── Records for processing ──

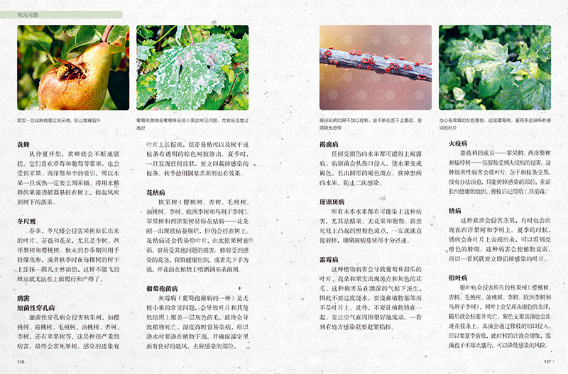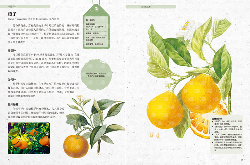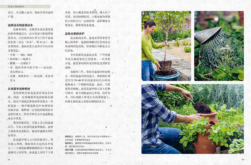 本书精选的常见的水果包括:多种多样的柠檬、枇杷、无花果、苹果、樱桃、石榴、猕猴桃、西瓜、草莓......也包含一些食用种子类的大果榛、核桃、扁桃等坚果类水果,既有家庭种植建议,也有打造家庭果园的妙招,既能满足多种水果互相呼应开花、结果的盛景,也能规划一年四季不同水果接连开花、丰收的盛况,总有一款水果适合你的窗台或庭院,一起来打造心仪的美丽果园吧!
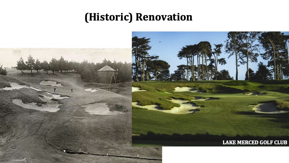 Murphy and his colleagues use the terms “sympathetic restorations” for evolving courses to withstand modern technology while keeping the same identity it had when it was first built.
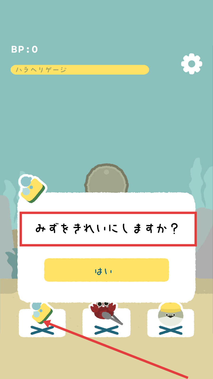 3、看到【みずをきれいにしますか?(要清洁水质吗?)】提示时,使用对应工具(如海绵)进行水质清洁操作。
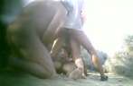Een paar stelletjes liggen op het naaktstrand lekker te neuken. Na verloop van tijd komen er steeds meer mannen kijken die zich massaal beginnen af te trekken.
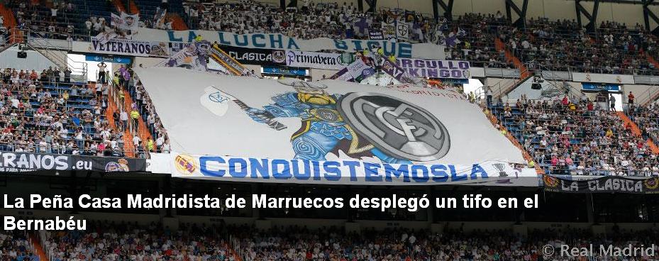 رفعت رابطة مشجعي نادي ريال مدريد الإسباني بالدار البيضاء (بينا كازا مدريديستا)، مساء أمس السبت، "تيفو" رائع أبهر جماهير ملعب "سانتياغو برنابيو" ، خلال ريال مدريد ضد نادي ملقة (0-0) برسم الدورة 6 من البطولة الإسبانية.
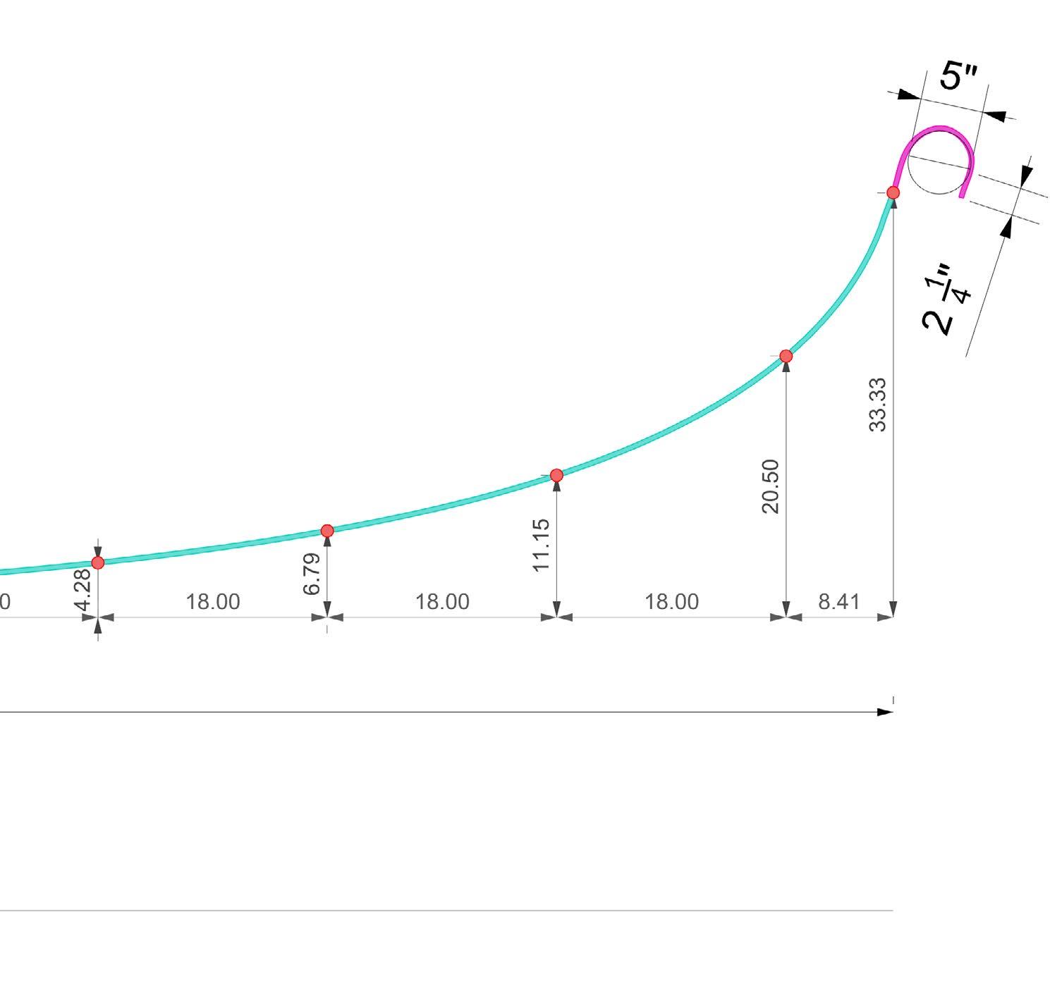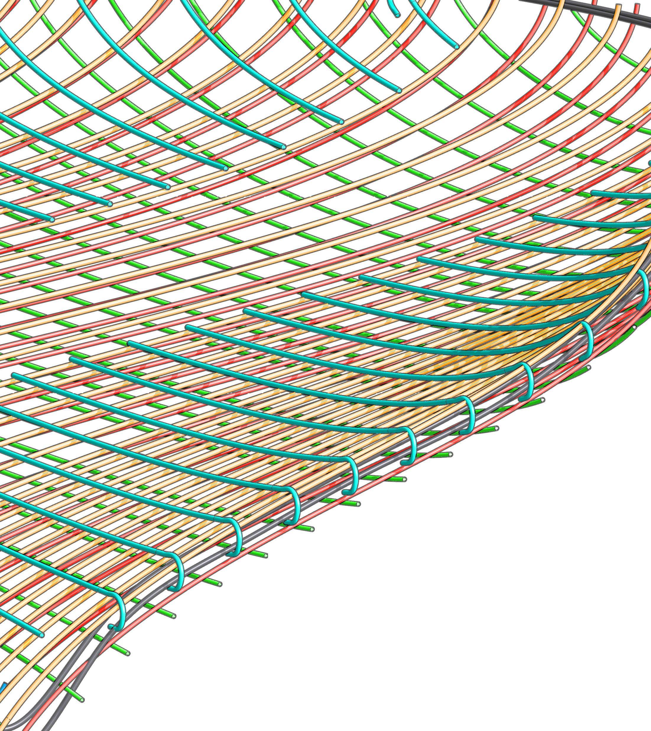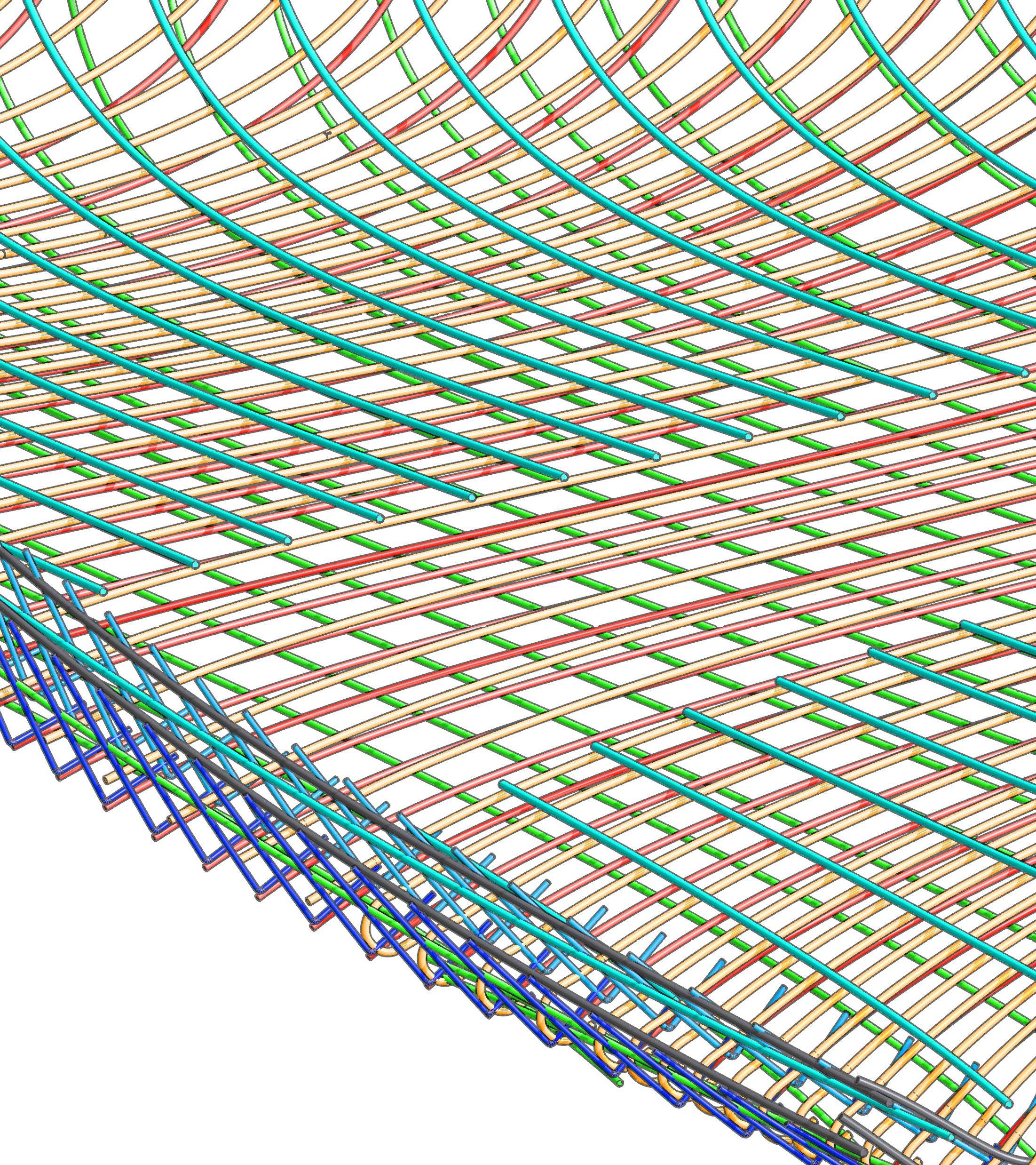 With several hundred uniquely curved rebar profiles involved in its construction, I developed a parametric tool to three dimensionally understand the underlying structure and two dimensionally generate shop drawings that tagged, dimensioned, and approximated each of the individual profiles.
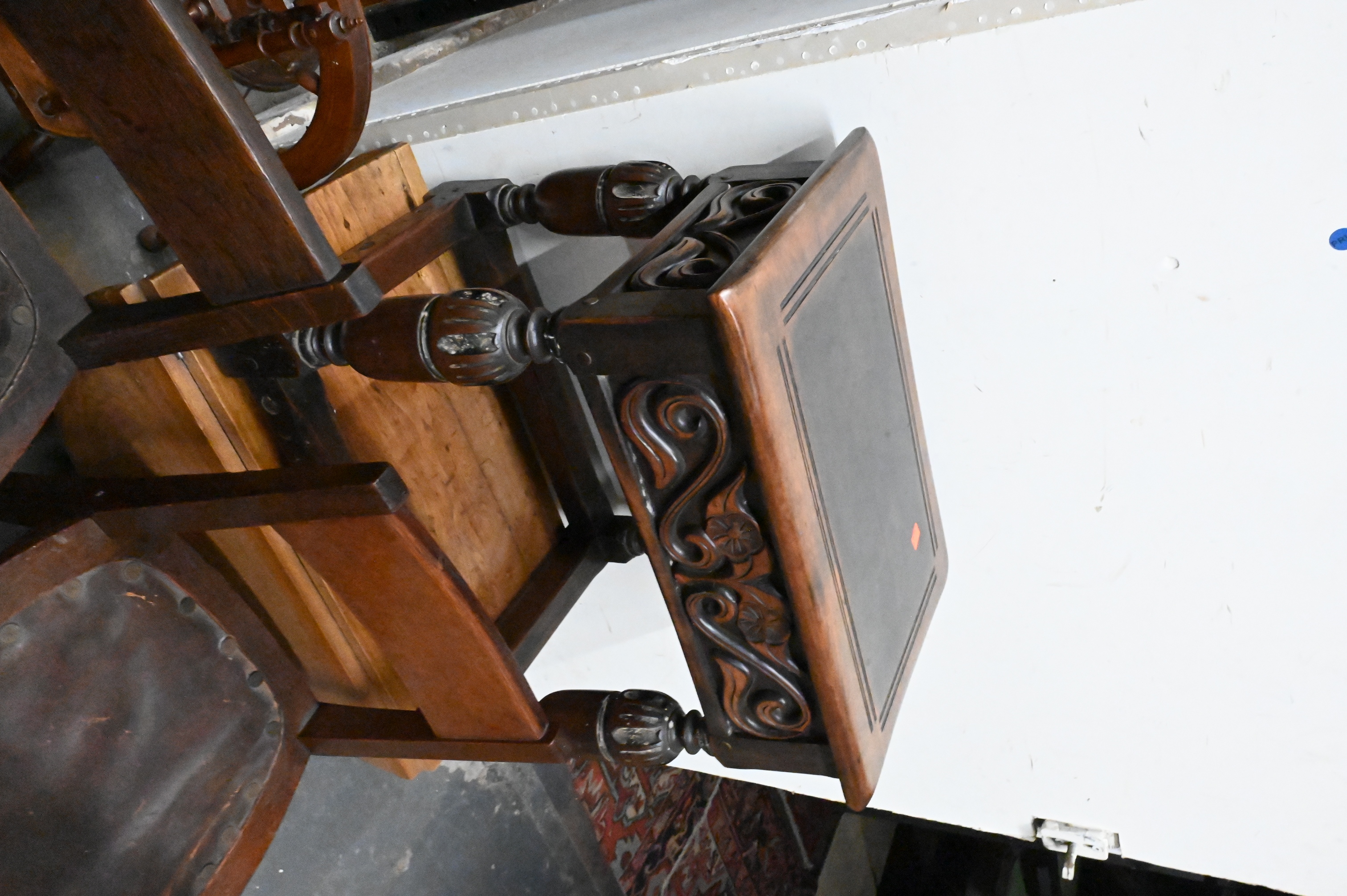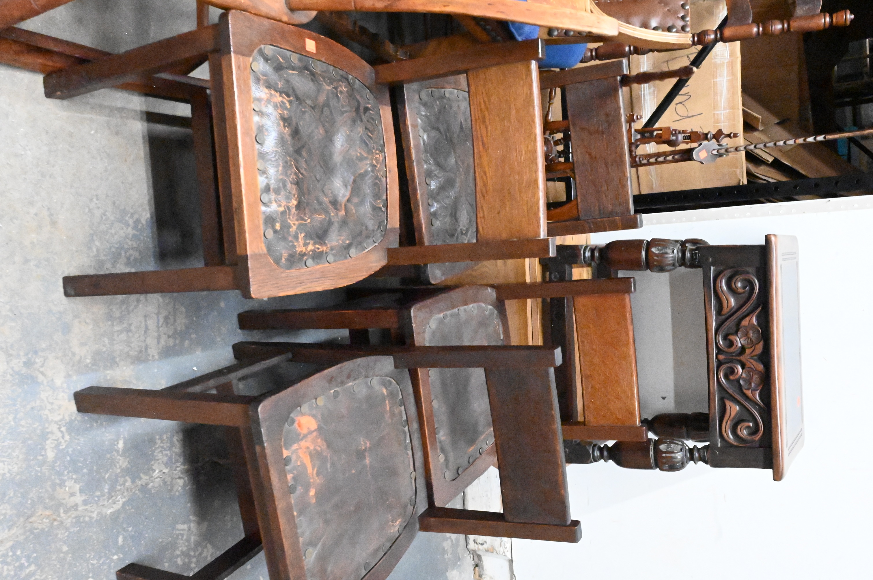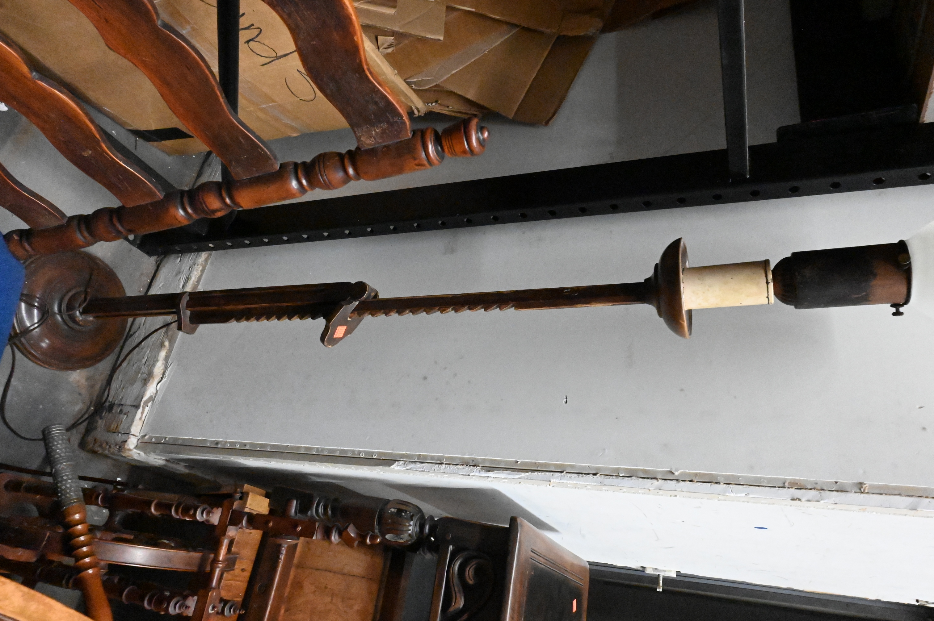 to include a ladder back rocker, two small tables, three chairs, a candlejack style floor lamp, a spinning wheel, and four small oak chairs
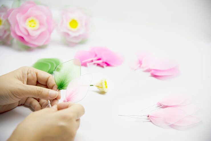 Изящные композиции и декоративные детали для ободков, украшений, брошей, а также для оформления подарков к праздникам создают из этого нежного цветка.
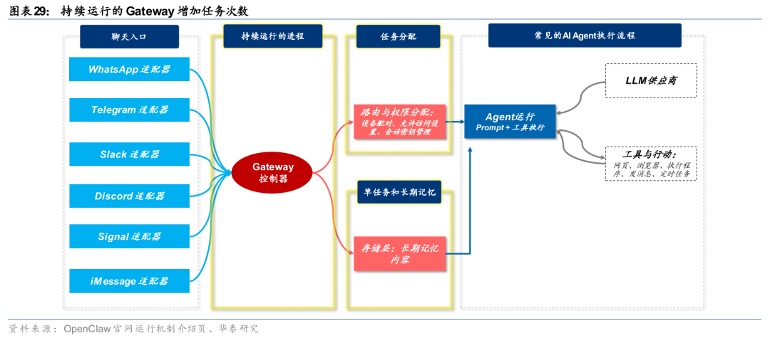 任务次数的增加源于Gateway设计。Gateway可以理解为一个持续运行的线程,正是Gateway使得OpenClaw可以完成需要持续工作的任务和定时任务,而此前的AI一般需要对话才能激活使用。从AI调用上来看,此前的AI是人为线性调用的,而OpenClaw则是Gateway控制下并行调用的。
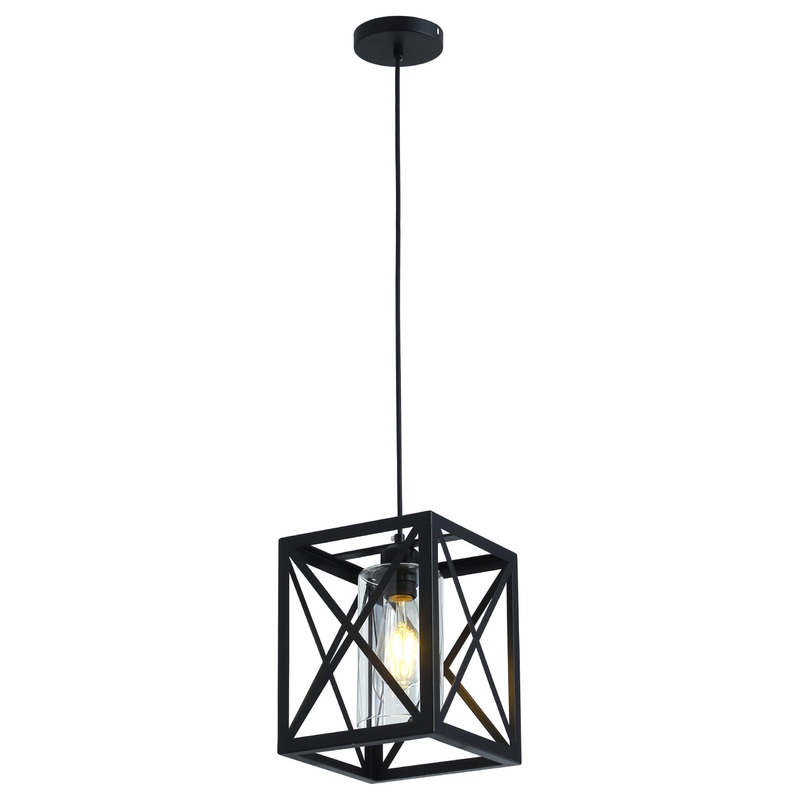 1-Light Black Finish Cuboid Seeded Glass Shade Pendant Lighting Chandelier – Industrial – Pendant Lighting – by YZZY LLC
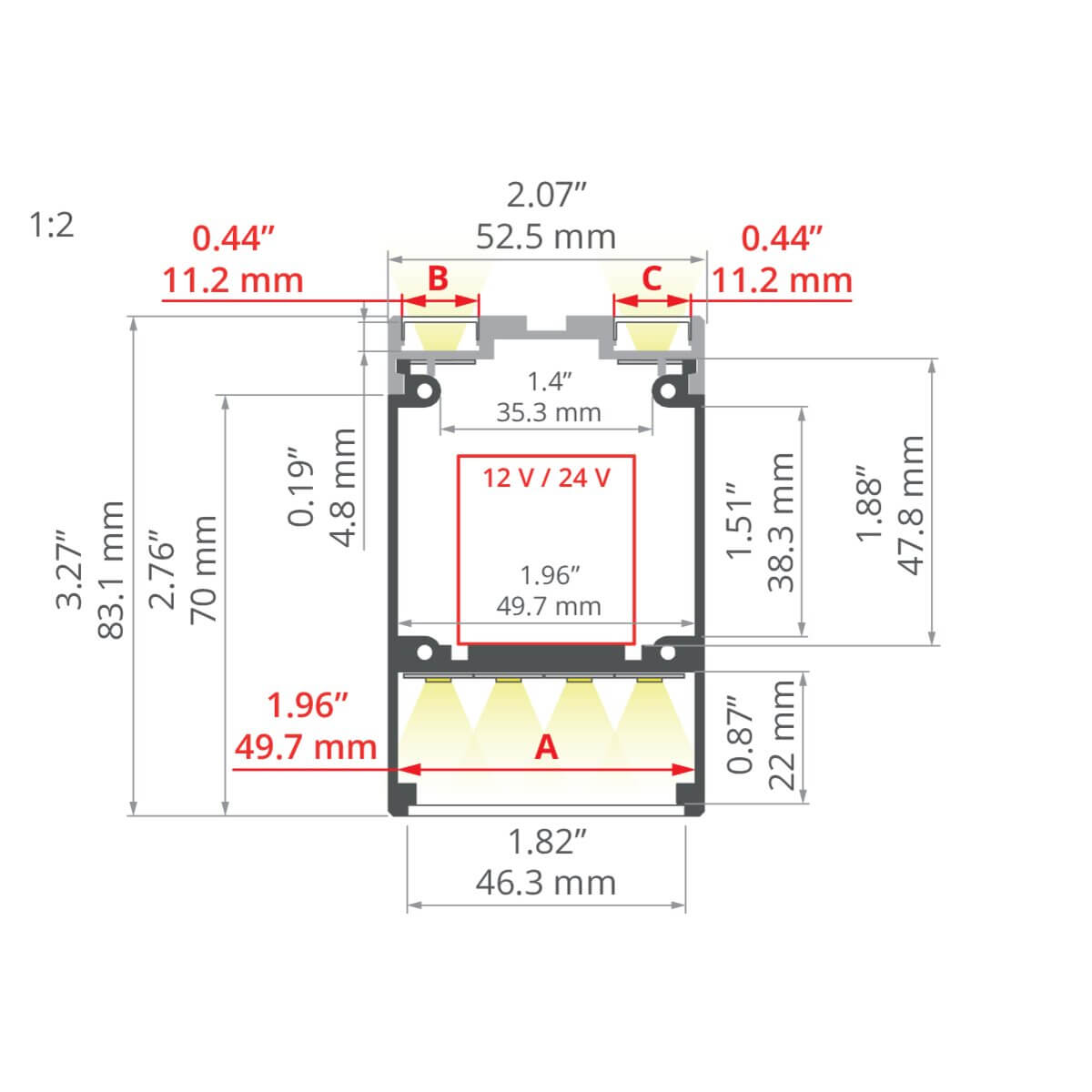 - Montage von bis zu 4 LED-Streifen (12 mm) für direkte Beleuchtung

───

▶ [Work order]: From the first line to the last, write out the data above exactly. Omit the pictures.

▶ [Answer for the task]:
 本书精选的常见的水果包括:多种多样的柠檬、枇杷、无花果、苹果、樱桃、石榴、猕猴桃、西瓜、草莓......也包含一些食用种子类的大果榛、核桃、扁桃等坚果类水果,既有家庭种植建议,也有打造家庭果园的妙招,既能满足多种水果互相呼应开花、结果的盛景,也能规划一年四季不同水果接连开花、丰收的盛况,总有一款水果适合你的窗台或庭院,一起来打造心仪的美丽果园吧!
 Murphy and his colleagues use the terms “sympathetic restorations” for evolving courses to withstand modern technology while keeping the same identity it had when it was first built.
 3、看到【みずをきれいにしますか?(要清洁水质吗?)】提示时,使用对应工具(如海绵)进行水质清洁操作。
Een paar stelletjes liggen op het naaktstrand lekker te neuken. Na verloop van tijd komen er steeds meer mannen kijken die zich massaal beginnen af te trekken.
 رفعت رابطة مشجعي نادي ريال مدريد الإسباني بالدار البيضاء (بينا كازا مدريديستا)، مساء أمس السبت، "تيفو" رائع أبهر جماهير ملعب "سانتياغو برنابيو" ، خلال ريال مدريد ضد نادي ملقة (0-0) برسم الدورة 6 من البطولة الإسبانية.
 With several hundred uniquely curved rebar profiles involved in its construction, I developed a parametric tool to three dimensionally understand the underlying structure and two dimensionally generate shop drawings that tagged, dimensioned, and approximated each of the individual profiles.
 to include a ladder back rocker, two small tables, three chairs, a candlejack style floor lamp, a spinning wheel, and four small oak chairs
 Изящные композиции и декоративные детали для ободков, украшений, брошей, а также для оформления подарков к праздникам создают из этого нежного цветка.
 任务次数的增加源于Gateway设计。Gateway可以理解为一个持续运行的线程,正是Gateway使得OpenClaw可以完成需要持续工作的任务和定时任务,而此前的AI一般需要对话才能激活使用。从AI调用上来看,此前的AI是人为线性调用的,而OpenClaw则是Gateway控制下并行调用的。
 1-Light Black Finish Cuboid Seeded Glass Shade Pendant Lighting Chandelier – Industrial – Pendant Lighting – by YZZY LLC
 - Montage von bis zu 4 LED-Streifen (12 mm) für direkte Beleuchtung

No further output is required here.